It’s always nice to see Bill Murray on the big screen, and particularly in a lead role. Widely renowned for not using an agent to obtain his roles, merely a phone number and an answering machine that he checks from time to time, as well as just generally thrilling the public with his off-screen antics, he’s one of Hollywood’s most enigmatic figures and always adds personality to a film, regardless of whether the whole thing is good or not.
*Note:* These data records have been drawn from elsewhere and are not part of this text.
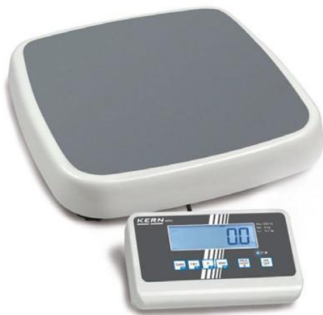
MPC 250K100M, MPC 300K-1M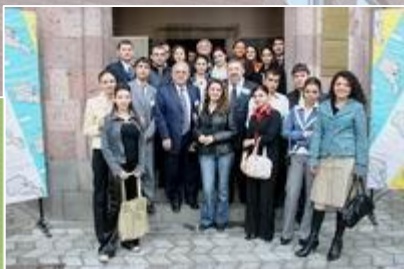
Armenian tourism institute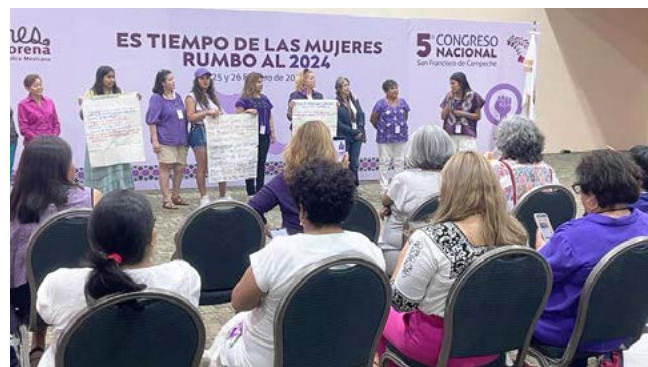
Campeche 2023.

* Feminista, Politóloga, Maestra en Estudios de la mujer y Consejera Nacional de morena.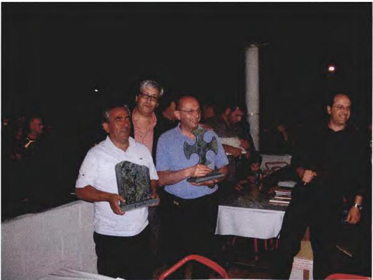
Visita istituzionale a Borgo Ticino (NO)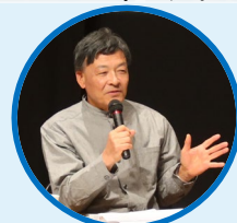
難波 喬司 (静岡市長)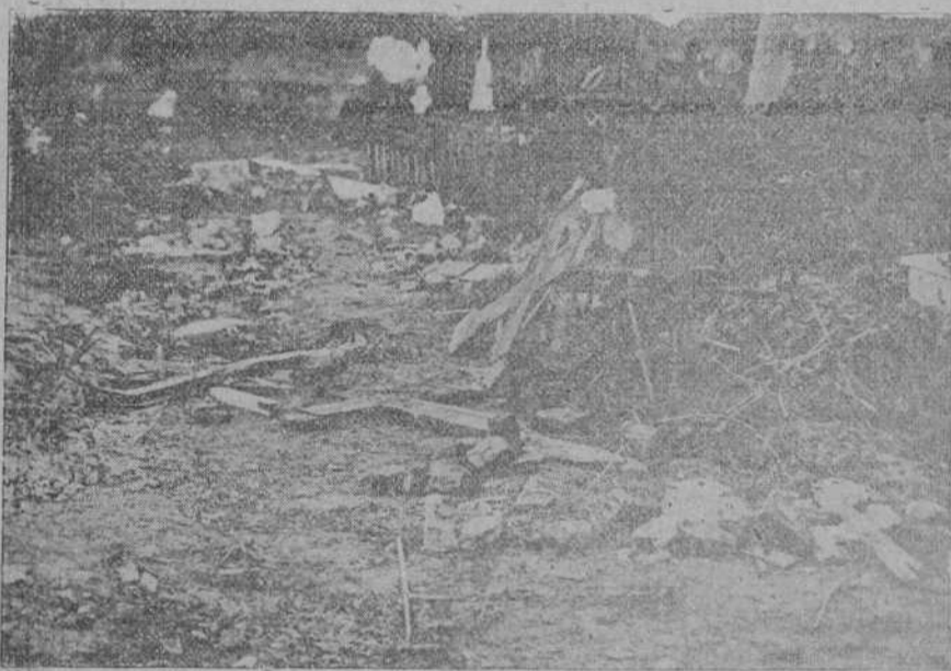
EN EL CEMENTERIO MUNICIPAL DE CIRIEGO.—He aquí una calle que parece la de una ciudad destruida por un terremoto.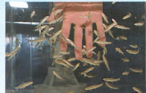
▲ ドクターフィッシュ 人間の古くなった角質を食べる習性があり、皮膚病の治療効果があるとされています。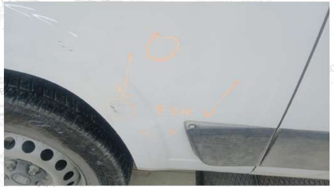
Sag arka camurluk ezik ve dodigi çıkık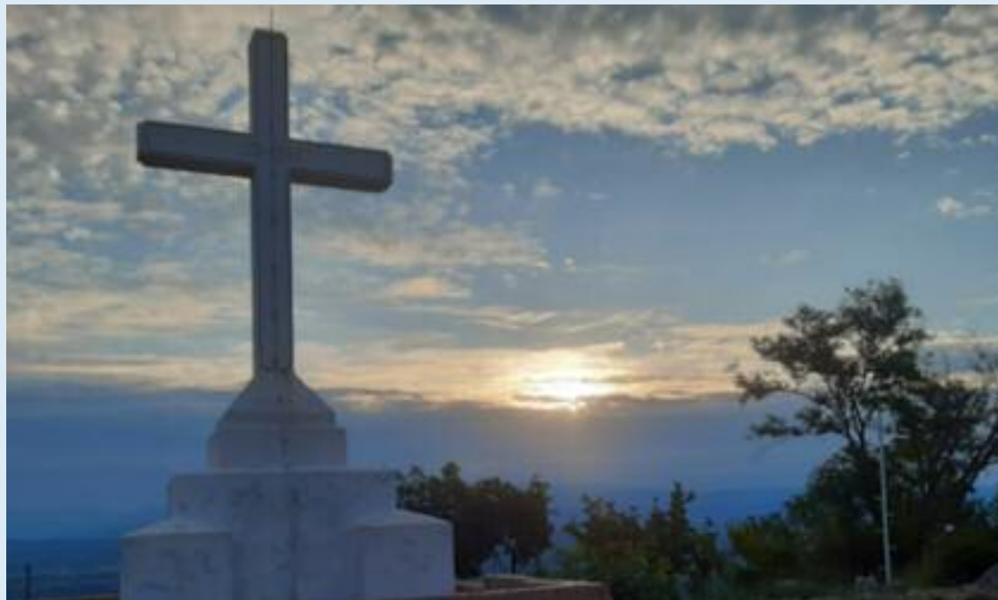
Stimmungsvoller Sonnenuntergang auf dem Kreuzberg von Medjugorje.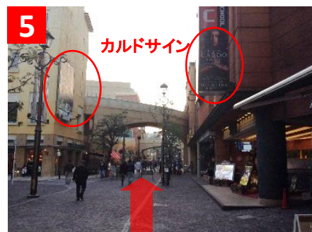
5 直進すると右手にスロットPIAさんとイタリアンのサルヴァトーレさんがいます。カルドも同じビルです。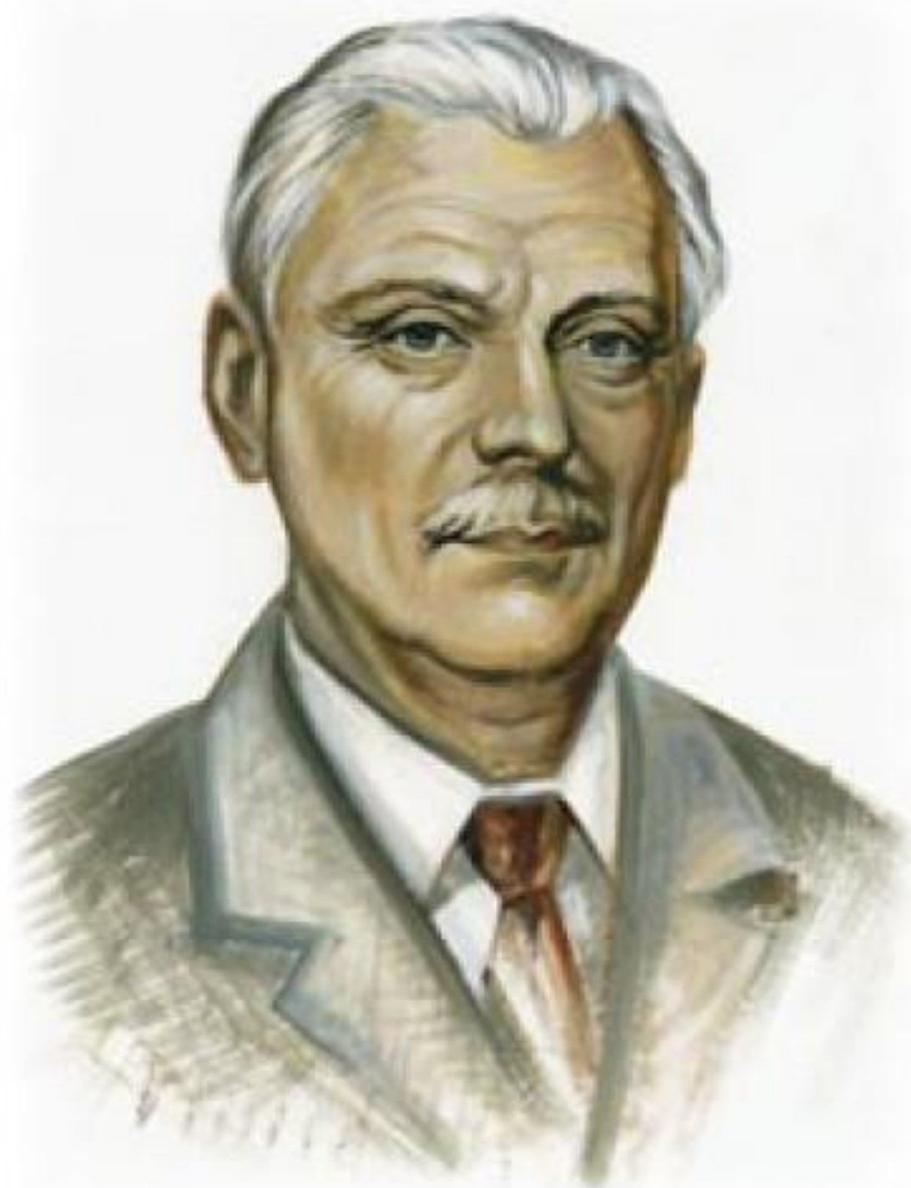
Михалков Сергей Владимирович (13.03.1913)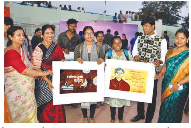
ଭୁବନେଶ୍ୱର : ପ୍ରଥମ ବିଶ୍ୱ ଓଡ଼ିଆ ଭାଷା ସମ୍ମିଳନୀ-୨୦୨୪ କେନ୍ଦ୍ର ବିଏମସି ପକ୍ଷରୁ ଉତ୍କଳ କଳାମଣ୍ଡଳରେ ଆୟୋଜିତ 'ଅକ୍ଷର'କୁ ବୁଲି ଦେଖୁଛନ୍ତି ମେଣ୍ଡର, କମିଶନର ଓ ଅନ୍ୟମାନେ ।

First time director Theodore Melfi will be glad that he allegedly left over 60 messages for Murray on his phone to attract him to the role, because it is definitely Murray that drags what is a by-the-numbers tale of redemption out of the mire of just being a bit boring, with a little help from young Jaeden Lieberher and absolutely none from Naomi Watts.
Indeed, Murray excels in his role as Vincent, a gruff and insensitive man who ends up taking care of Lieberher’s Oliver Bronstein, a 12 year old whose mother works long hours and thus cannot be there. The setup for a gruff, dry and cynical man and a child to riff off each other is there, and this is most definitely where the film works best. The chemistry between Murray and Lieberher is always there, and that’s no doubt related to the strength of Murray’s performance, allowing the young actor to work off it which is a very useful thing for the inexperienced, and he does a great job. Watts, on the other hand, is a total disaster. Experiencing something of a career slump after 2013’s disastrous ‘Diana’, she turns up here as a Russian stripper/prostitute, complete with an accent that’s so bad it’s bordering on offensive. Sounding a lot like she based her accent on Oleg the meerkat and overselling everything about the character, from the accent to her strange attempt to appear authentic by missing words out of sentences, she is not believable at all. Frankly, Oleg wearing a miniskirt and crop top would have been far better in the role.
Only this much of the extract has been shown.